Penelitian Tindakan Bimbingan Konseling (PTBK) ini bertujuan untuk mengetahui metode Student Facilitator and Explaining (SFAE) bisa meningkatkan sikap pantang menyerah pelajar karena pandemi covid 19 Tahun Pelajaran 2020/2021 dengan jumlah siswa sebanyak 18.  Tindakan yang dilakukan dengan menerapkan metode Student Facilitator and Explaining (SFAE) pada layanan klasikal. Penelitian ini dilaksanakan dalam tiga siklus. Berdasarkan hasil yang diperoleh selama pelaksanaan penelitian tindakan bimbingan konseling, dapat di jelaskan bahwa: hasil peningkatan sikap pantang menyerah siswa dari pretest/tes awal sikap pantang menyerah skor rata-rata yaitu 20,7. Pada siklus I diberikan tindakan dengan metode Student Facilitator and Explaining (SFAE), pada siklus II diberikan tindakan dengan metode Student Facilitator and Explaining (SFAE), dan pada siklus III diberikan tindakan dengan metode Student Facilitator and Explaining (SFAE) dan dilanjutkan tes akhir atau post test. Hasil test akhir/post test  memenuhi kategori baik, yaitu 58,7. Terdapat kenaikan yang signifikan sebelum dan sesudah dilakakan perlakuan, rata-rata skor sebelum perlakuan yaitu 124 atau 20,7% (Kategori Kurang) dan rata-rata skor sesudah perlakuan yaitu 352 atau 58,7% (Kategori Baik) . Berarti terdapat kenaikan skor rata-rata yaitu sebesar 228 atau 30%. Maka dapat disimpulkan bahwa hipotesis alternatif dapat diterima, bahwa: metode Student Facilitator and Explaining (SFAE) bisa meningkatkan sikap pantang menyerah pelajar karena pandemi covid 19 Tahun Pelajaran 2020/2021.

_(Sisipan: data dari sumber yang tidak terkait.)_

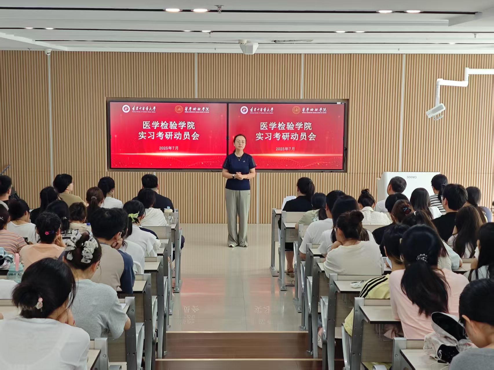 为帮助学生明晰实习与考研规划,激发学习热情,7月15日,医学检验学院在S911阶梯教室召开实习考研动员会。学院领导班子,专业教师代表,辅导员及即将步入实习的全体2026届学生参会,会议由党总支书记李巍主持。
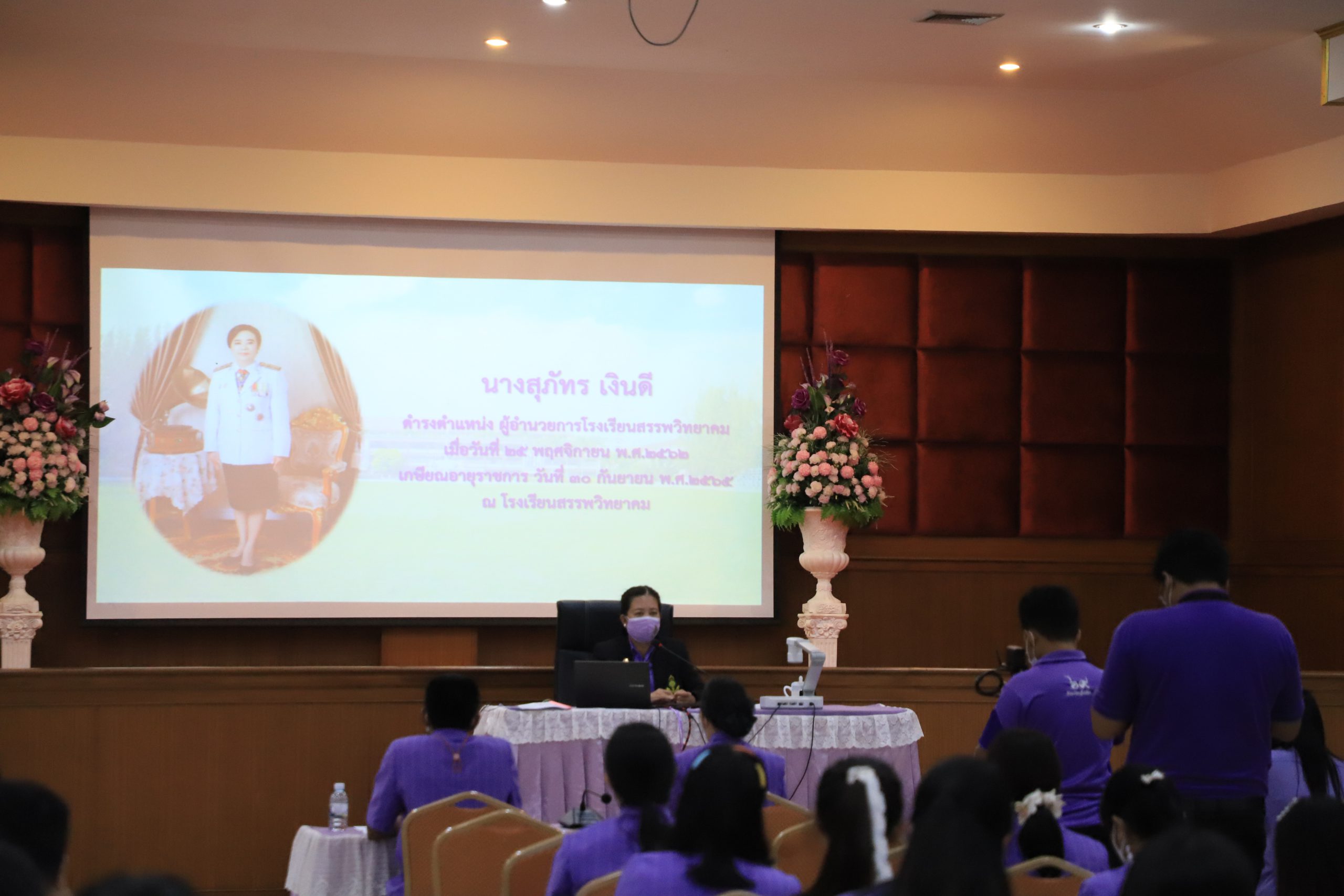 วันที่ ๒๙ กันยายน พ.ศ. ๒๕๖๕ นางสุภัทร เงินดี ผู้อำนวยการโรงเรียนสรรพวิทยาคม จัดการประชุมครูและบุคลากรทางการศึกษาประจำเดือน ครั้งที่ ๕/๒๕๖๕ และ พิธีลงนามส่งมอบงานในหน้าที่รับผิดชอบผู้อำนวยการโรงเรียนสรรพวิทยาคม ระหว่างนางสุภัทร เงินดี ผู้อำนวยการโรงเรียนกับนางนารินทร์ โทนปั่น รองผู้อำนวยการฝ่ายบริหารงานบุคคล ณ หอประชุมเฉลิมพระเกียรติ โรงเรียนสรรพวิทยาคม

Kata kunci: Sikap pantang menyerah, Student Facilitator and Explaining

  1. PENDAHULUAN

Pendidikan menjadi suatu kebutuhan yang mendasar bagi kemajuan bangsa. Hal ini dikarenakan pendidikan memiliki peranan penting untuk menjamin kelangsungan dan perkembangan bangsa itu sendiri. Untuk mencapai kemajuan bangsa yang diharapkan, maka dibutuhkan suatu pendidikan yang berkualitas yang disesuaikan dengan perkembangan di era masa sekarang yang dihadapkan dengan ilmu teknologi yang semakin lama semakin canggih dan modern.

Hampir semua manusia dikenai pendidikan dan melaksanakan pendidikan. Sebab pendidikan tidak pernah terpisahkan dengan kehidupan manusia. Anak-anak menerima pendidikan dari orang tuanya dan manakala anak-anaknya. Begitu pula di sekolahan dan di keluarga mereka juga akan mendidik anak-anaknya. Begitu pula di sekolahan dan perguruan tinggi. Para siswa dan mahasiswa didik oleh guru dan dosen. Pendidikan adalah khas milik dan alat manusia. Tidak ada makhluk lain yang membutuhkan pendidikan (Pidarta, 2007: 1).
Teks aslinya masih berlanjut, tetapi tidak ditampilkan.